Primitive Christianity Revived, Again
The blog post that was sharing around today by Johan Maurer touched me on a deep level.
One of my personal tenants of my faith has been to "die unto yourself everyday". Which I interpret to mean that every morning I must rise out of bed being humbled and needing to be aware of how much I don't know about how much I do not know. In my marriage, my mothering, my faith, and the world around me.
My frustration on my path in Quakerism is this struggle to accept that the current Quaker think ( At least in PYM) is that "We are the best. We have all the answers and everyone else is uneducated in the truth. Might it be that there is still a large group of people who DO NOT think this way and would rather see our meetings open to the idea that we are worse off now in our understanding of our direction than we have ever been.
Today a Clerk of a committee reached out to me to help promote their project. I KNOW that the current way it is being presented is divisive, uninformed, pretentious and just plain exclusionary, but that isn't what they want. They want me to be a "yes man" So I am lost. I am lost to figuring out what to do. I want to help. But actually help them. Not just work their ideas how they want because "They know they are right" On the other hand I want to feel "worthy" enough to be included. That doesn't sit right with me.
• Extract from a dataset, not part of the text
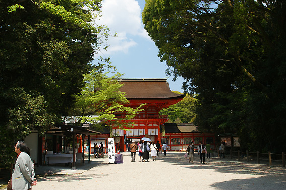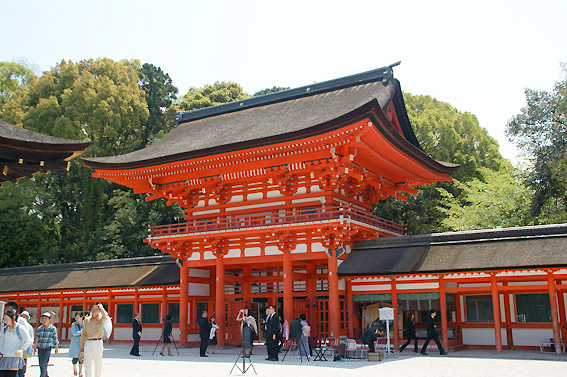 やってしまいました。下鴨神社は森の参道があり、癒されながら行き着く先に南口鳥居があり、 楼門、中門、本殿があるのですが、真横から入ってしまったみたいで、いきなり中門にたどり着いてしまいました。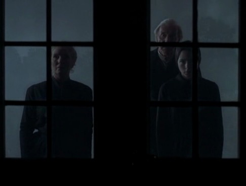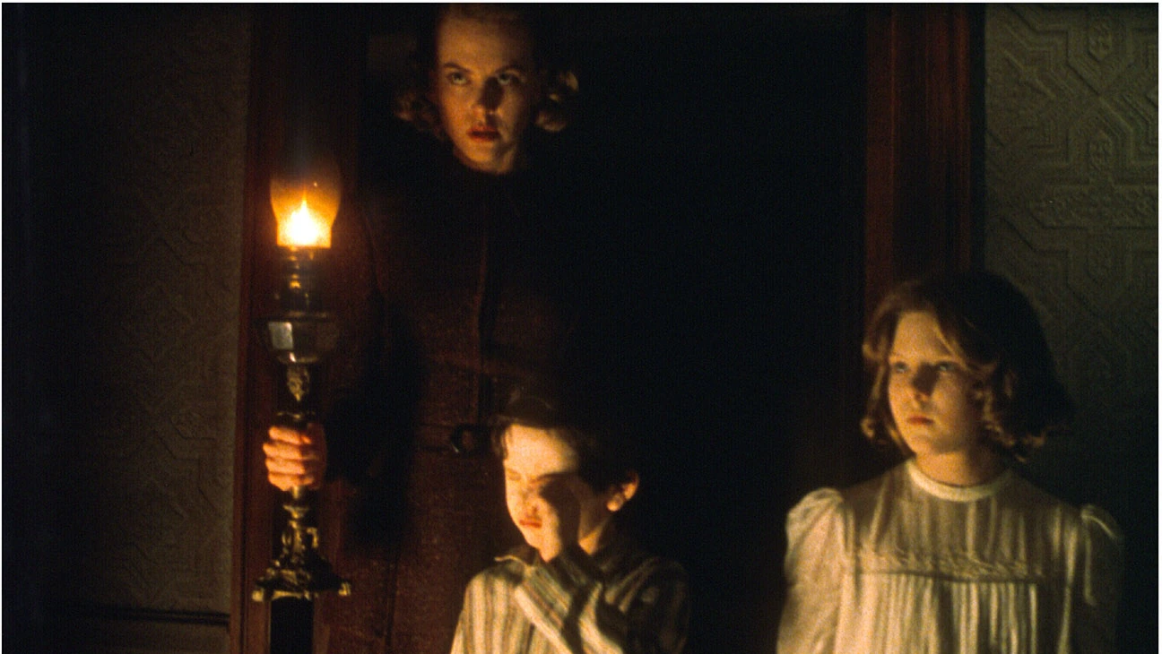 아무도 커튼을 치지 않았건만 커튼이 모두 열려있질 않나, 피아노를 연주하는 소리가 들리고 아무도 없는 윗층에서 쿵쾅대는 소리가 들립니다. 처음에는 앤이 동생 스튜어트에게 장난을 치기 위해 꾸며낸 이야기라고 생각했지만 그레이스 자신도 앤이 말하던 할머니 형상을 보게 됩니다. 그레이스는 귀신이 아닌 침입자가 들어왔다고 생각해 총을 꺼내 가족들을 지키려 합니다.

Quakers DO have a well deserved reputation for moving in the right direction BUT I am very worried they are landing right in the middle of Idolism. It is one thing to take on the mantle of the work done by those that have come before. But it is entirely another to assume that we now hold all of the "correct" and "true" knowledge. Pride goes before a fall. We all best spend some time thinking of that before it is too late.
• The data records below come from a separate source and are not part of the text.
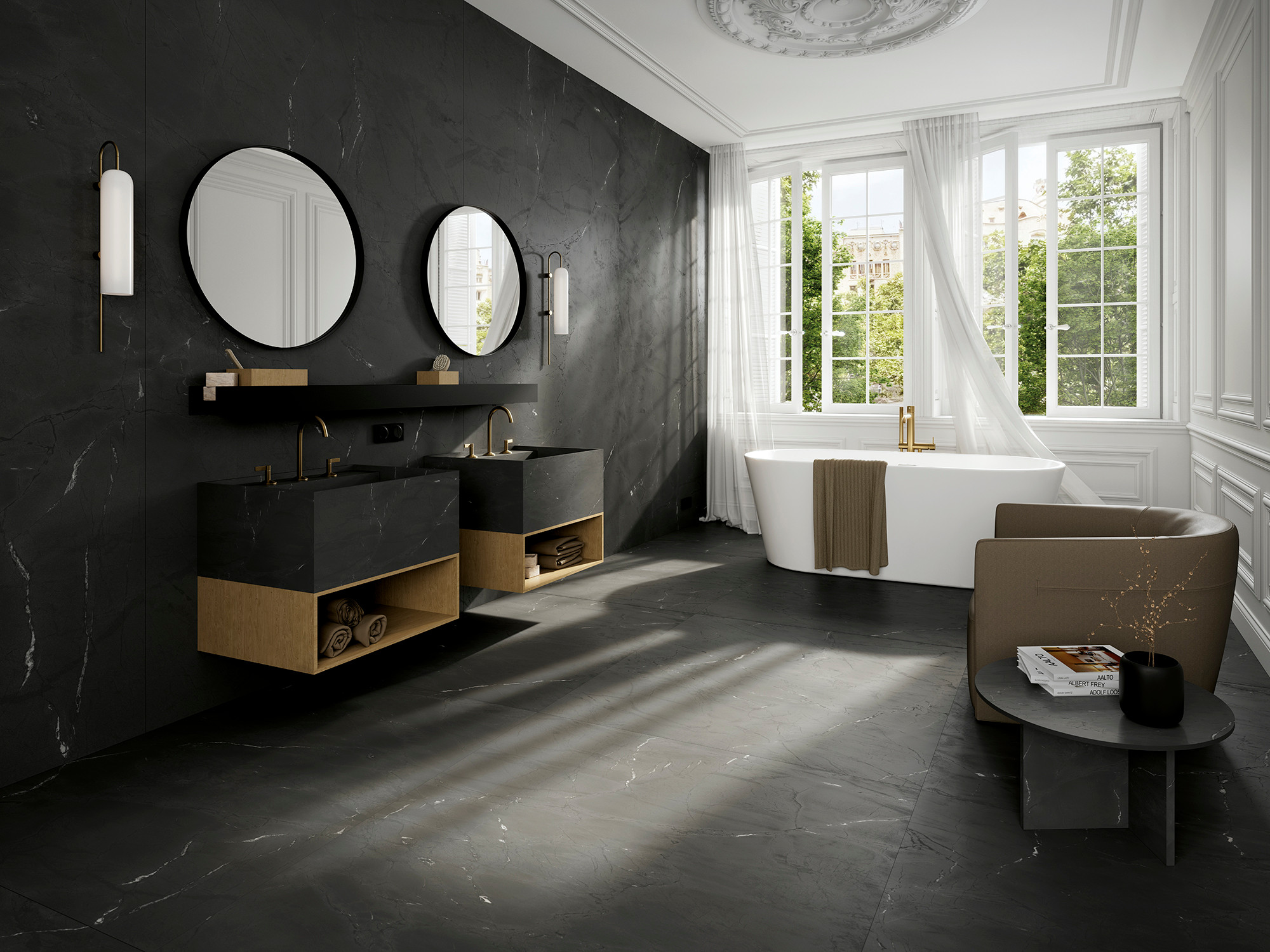 Porcelanosa’s new Negresco collection is inspired by black stone, featuring deep, intense tones highlighted by fine white veining that streaks across the surface like flashes of light.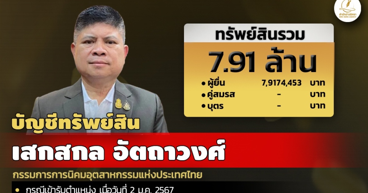 สำนักงานคณะกรรมการป้องกันและปราบปรามการทุจริตแห่งชาติ (ป.ป.ช.) เปิดเผยบัญชีแสดงทรัพย์สินและหนี้สินของ เสกสกล อัตถาวงศ์ กรรมการการนิคมอุตสาหกรรมแห่งประเทศไทย ทรัพย์สิน 7.91ล. ประกอบด้วย เงินฝาก 4 บัญชี มูลค่ารวม 267,453 บาท ที่ดิน 1 แปลง มูลค่ารวม 1.30 ล. โรงเรือนและสิ่งปลูกสร้าง 1 รายการ มูลค่า 4 ล. ทรัพย์สินอื่น 250,000 บาท เป็นนาฬิกา Rolex 1 เรือน
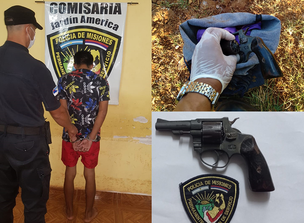 Los integrantes de la División Comando Radioeléctrico de la UR-IX, detuvieron en el barrio San Martín de Jardín América a un adolescente de 18 años, quien le habría efectuado varios disparos con revólver a un joven de 22 con intenciones de herirlo. Además, secuestraron el arma presumiblemente utilizada.

Quakers MUST take on an influx of new people and ideas if they have any hope of survival.
So first I would ask all of my fellow Quakers to hold me in the light and ask for God to speak to my condition and guide me.
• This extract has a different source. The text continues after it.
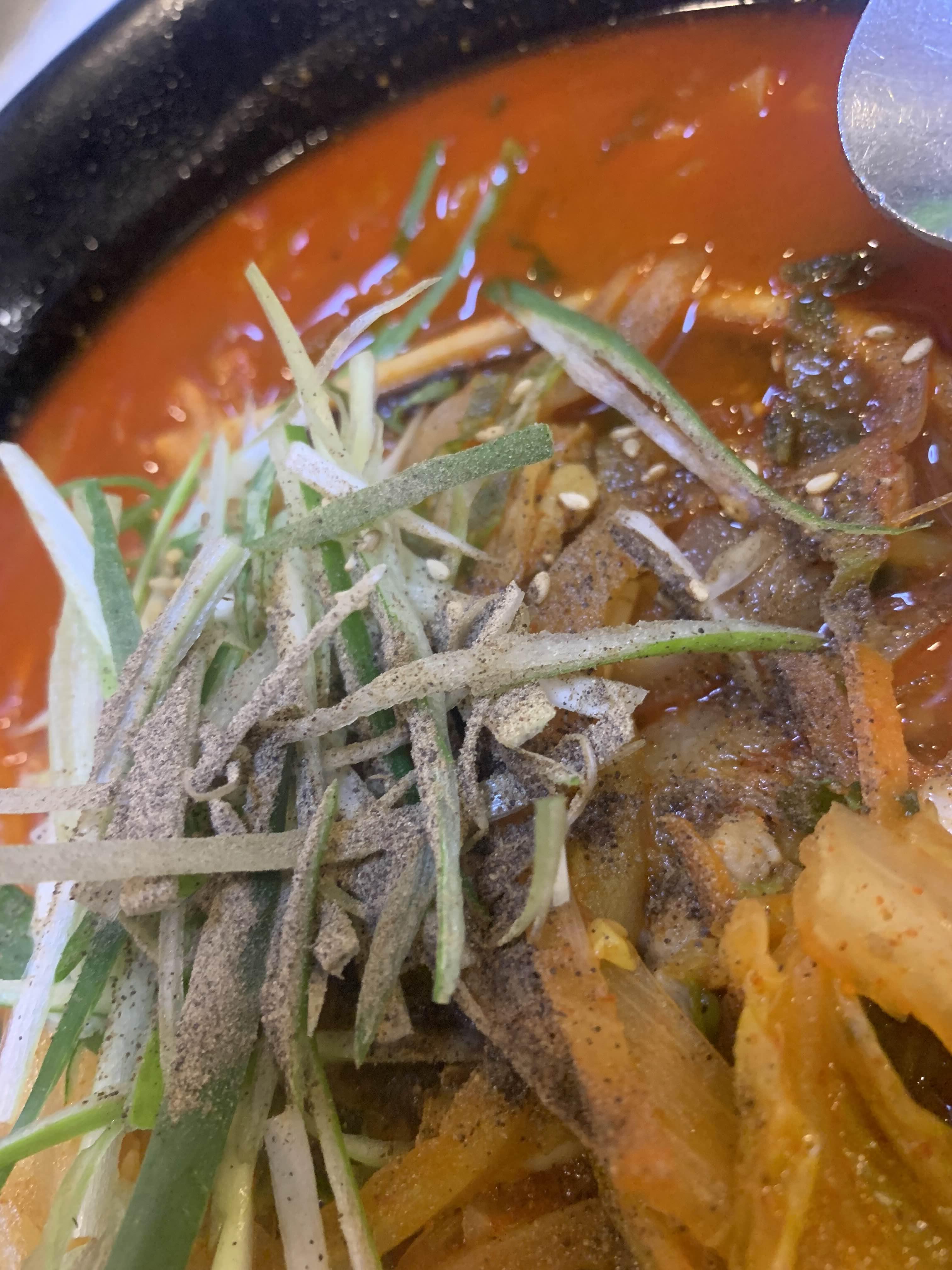 주문한 짬뽕이 나왔는데..... 짬뽕 위 생파채가 올려도 있고, 그 위 후추가 부러져 있더군요. ㅎㅎ 후추... 상당히 많은 양이 뿌려져 약간 당황했습니다. 후추를 싫어하지는 않지만, 이렇게 많이 뿌려진 짬뽕은 근래에 찾아보기 힘든 비주얼이었습니다.

Secondly I am interested to hear others tell their own stories about when Quakerism had collided with your own messages from God and what steps you took to reconcile that. I am open to all of it. And I have faith that someone will speak through God to me.
I see Quakers collectively as mostly bumbling, well-intentioned, but somewhat clueless.
What hardens a Friend in a good way, in the sense of developing discipline, is to wear that Quaker badge (which raises expectations) and then take on real challenges in collusion (I use the word advisedly) with non-Quakers.
Given we're a small and esoteric sect (I'm proud of that, no change needed), it's our networking with non-Quakers that defines us and our future.
AFSC has been one vehicle for that hardening but certainly not the only one. WILPF and PSR come to mind, as organizations wherein our Quaker household overlaps these others.